Why ‘Digital-First’ Banking Will Become ‘Digital-Always’
via PYMNTS
Amid the coronavirus pandemic, a significant number of bank branches shuttered.
And where there are branches, hours are staggered.
As Doug Brown, senior vice president and general manager of NCR, told Karen Webster, fundamental shifts are underway in financial services and the very way in which those services are delivered — and the shifts will be permanent.
“It’s clear that people rely heavily on their bankers and their banking relationships during crises; we’ve seen that before in prior events,” said Brown. “This crisis — perhaps more than ever — seems to have triggered the need for connections between people, their money and information.”
As social distancing takes root, as consumers are wary about coming into physical environments that might expose them to the coronavirus, consumers are embracing new behaviors, said Brown, while leaning on the trust they have in the relationships they’ve forged with traditional financial institutions (FIs).

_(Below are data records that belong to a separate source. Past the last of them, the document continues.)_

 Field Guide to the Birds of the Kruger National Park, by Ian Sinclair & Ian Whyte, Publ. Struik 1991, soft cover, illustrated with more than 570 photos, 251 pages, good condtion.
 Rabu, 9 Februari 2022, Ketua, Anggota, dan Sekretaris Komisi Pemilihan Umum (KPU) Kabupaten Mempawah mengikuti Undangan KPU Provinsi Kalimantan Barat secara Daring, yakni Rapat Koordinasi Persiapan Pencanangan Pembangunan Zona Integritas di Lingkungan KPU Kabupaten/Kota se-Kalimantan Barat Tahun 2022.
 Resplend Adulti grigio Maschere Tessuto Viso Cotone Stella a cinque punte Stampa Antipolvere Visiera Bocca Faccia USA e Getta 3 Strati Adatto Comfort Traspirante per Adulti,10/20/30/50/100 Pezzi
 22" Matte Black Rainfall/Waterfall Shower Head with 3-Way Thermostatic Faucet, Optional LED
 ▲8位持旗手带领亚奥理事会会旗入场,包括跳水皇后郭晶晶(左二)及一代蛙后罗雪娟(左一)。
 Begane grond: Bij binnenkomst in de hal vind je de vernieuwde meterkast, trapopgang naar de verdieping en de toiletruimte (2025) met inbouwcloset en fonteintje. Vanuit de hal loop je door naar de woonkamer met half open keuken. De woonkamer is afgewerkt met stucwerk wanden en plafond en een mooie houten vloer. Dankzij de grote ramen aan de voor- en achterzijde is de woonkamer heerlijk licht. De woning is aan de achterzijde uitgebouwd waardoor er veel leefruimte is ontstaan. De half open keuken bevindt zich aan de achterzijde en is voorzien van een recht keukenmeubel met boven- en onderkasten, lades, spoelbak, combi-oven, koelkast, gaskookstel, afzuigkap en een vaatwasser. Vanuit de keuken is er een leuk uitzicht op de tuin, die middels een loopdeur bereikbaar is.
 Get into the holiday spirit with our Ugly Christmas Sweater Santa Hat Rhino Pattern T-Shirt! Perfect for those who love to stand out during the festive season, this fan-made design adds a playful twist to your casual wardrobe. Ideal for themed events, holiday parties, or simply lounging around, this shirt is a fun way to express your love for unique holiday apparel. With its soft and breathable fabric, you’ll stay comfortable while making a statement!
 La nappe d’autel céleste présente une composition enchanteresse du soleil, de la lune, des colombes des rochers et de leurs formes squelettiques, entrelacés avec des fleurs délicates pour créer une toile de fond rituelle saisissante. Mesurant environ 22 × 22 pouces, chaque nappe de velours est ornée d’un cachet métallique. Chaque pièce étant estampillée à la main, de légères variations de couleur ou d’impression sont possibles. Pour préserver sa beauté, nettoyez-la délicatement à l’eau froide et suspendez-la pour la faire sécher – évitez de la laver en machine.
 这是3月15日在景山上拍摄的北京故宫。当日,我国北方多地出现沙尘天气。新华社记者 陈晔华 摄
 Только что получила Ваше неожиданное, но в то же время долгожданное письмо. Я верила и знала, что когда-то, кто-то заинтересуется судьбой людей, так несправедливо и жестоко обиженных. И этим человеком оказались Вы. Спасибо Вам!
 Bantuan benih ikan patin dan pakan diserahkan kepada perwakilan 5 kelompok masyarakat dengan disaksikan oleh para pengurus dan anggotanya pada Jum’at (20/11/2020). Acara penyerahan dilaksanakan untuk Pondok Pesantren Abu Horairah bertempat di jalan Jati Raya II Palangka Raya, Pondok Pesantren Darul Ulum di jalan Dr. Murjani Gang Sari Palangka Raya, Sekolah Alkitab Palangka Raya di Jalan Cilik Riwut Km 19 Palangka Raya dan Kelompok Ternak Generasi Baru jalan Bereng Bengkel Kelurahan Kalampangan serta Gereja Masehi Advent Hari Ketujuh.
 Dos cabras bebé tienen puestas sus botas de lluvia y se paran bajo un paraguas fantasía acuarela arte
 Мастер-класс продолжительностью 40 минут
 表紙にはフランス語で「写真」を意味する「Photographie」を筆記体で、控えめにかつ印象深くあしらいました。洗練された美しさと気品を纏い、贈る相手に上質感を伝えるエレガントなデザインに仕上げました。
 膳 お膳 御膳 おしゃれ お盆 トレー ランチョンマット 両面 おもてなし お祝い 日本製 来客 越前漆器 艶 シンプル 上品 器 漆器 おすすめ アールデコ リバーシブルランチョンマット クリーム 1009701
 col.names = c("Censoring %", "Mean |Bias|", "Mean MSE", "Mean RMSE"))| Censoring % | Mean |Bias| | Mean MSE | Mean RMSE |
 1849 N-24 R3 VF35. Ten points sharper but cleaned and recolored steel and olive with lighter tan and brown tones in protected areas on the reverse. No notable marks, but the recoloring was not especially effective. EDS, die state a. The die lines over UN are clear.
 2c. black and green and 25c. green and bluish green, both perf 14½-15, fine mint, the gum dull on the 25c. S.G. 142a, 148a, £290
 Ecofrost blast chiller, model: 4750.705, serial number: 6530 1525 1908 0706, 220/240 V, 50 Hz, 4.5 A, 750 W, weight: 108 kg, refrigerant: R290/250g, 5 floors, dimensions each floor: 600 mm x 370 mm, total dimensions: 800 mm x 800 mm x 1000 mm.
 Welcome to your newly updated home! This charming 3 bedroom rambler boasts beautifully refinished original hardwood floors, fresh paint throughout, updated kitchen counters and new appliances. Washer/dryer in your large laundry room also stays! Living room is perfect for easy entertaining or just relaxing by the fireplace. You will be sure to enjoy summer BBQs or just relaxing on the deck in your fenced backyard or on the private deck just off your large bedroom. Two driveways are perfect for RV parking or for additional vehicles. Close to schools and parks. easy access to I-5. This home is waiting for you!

Individuals are embracing technology more and leveraging relatively new offerings, such as remote agent assists, text chats and interactive teller machines, sometimes accessed from their cars.
“These things have proven to not only be effective, but once delivered, they have helped encourage people to have ‘wow moments’ — enough so that they might not go back to the old ways because they realize the advantage and convenience,” said Brown.
The “wow” factor can help smaller FIs offset the top-line impact of mandates to close branches or reduce hours, especially in metropolitan and urban environments.
But for FIs of all sizes, Brown noted that the pandemic is forcing what he termed an “optimization of the branch and the branch footprint.” Firms will look to reassess not only how many branches they operate, but also how activities within the physical setting can be streamlined and made relevant to tech-savvy consumers.
Digital-First
A digital-first mentality will become critical for FIs, a strategic imperative that offers smaller banks a chance to shine. The credit unions (CUs) and community banks, said Brown, are not just brokers of funds — they are now brokers of critical information.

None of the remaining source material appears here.